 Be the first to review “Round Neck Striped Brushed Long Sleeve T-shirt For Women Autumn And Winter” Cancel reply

==

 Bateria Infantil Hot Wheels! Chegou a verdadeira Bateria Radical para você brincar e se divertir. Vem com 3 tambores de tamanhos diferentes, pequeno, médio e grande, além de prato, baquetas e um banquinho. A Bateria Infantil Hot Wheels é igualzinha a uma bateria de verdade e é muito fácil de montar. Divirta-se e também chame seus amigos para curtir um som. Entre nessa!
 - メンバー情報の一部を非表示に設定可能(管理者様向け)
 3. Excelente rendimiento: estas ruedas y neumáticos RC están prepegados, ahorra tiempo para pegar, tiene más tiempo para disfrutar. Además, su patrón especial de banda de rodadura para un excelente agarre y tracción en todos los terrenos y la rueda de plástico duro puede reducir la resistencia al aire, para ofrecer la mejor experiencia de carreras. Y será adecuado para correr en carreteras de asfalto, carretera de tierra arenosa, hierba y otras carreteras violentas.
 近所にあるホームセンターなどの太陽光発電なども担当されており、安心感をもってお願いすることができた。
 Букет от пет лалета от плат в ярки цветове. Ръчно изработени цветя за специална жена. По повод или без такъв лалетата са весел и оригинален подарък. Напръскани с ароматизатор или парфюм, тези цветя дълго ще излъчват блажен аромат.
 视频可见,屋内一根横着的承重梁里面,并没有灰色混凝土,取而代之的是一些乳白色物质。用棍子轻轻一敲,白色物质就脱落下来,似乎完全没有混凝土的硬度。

:: WORK INSTRUCTIONS ::
Starting at the line that has "3. Excelente rendimiento: estas" and ending at the line that has "视频可见,屋内一根横着的承重", please write out the lines above exactly, leaving out all others.

:: RESPONSE TO THIS EXERCISE ::
 3. Excelente rendimiento: estas ruedas y neumáticos RC están prepegados, ahorra tiempo para pegar, tiene más tiempo para disfrutar. Además, su patrón especial de banda de rodadura para un excelente agarre y tracción en todos los terrenos y la rueda de plástico duro puede reducir la resistencia al aire, para ofrecer la mejor experiencia de carreras. Y será adecuado para correr en carreteras de asfalto, carretera de tierra arenosa, hierba y otras carreteras violentas.
 近所にあるホームセンターなどの太陽光発電なども担当されており、安心感をもってお願いすることができた。
 Букет от пет лалета от плат в ярки цветове. Ръчно изработени цветя за специална жена. По повод или без такъв лалетата са весел и оригинален подарък. Напръскани с ароматизатор или парфюм, тези цветя дълго ще излъчват блажен аромат.
 视频可见,屋内一根横着的承重梁里面,并没有灰色混凝土,取而代之的是一些乳白色物质。用棍子轻轻一敲,白色物质就脱落下来,似乎完全没有混凝土的硬度。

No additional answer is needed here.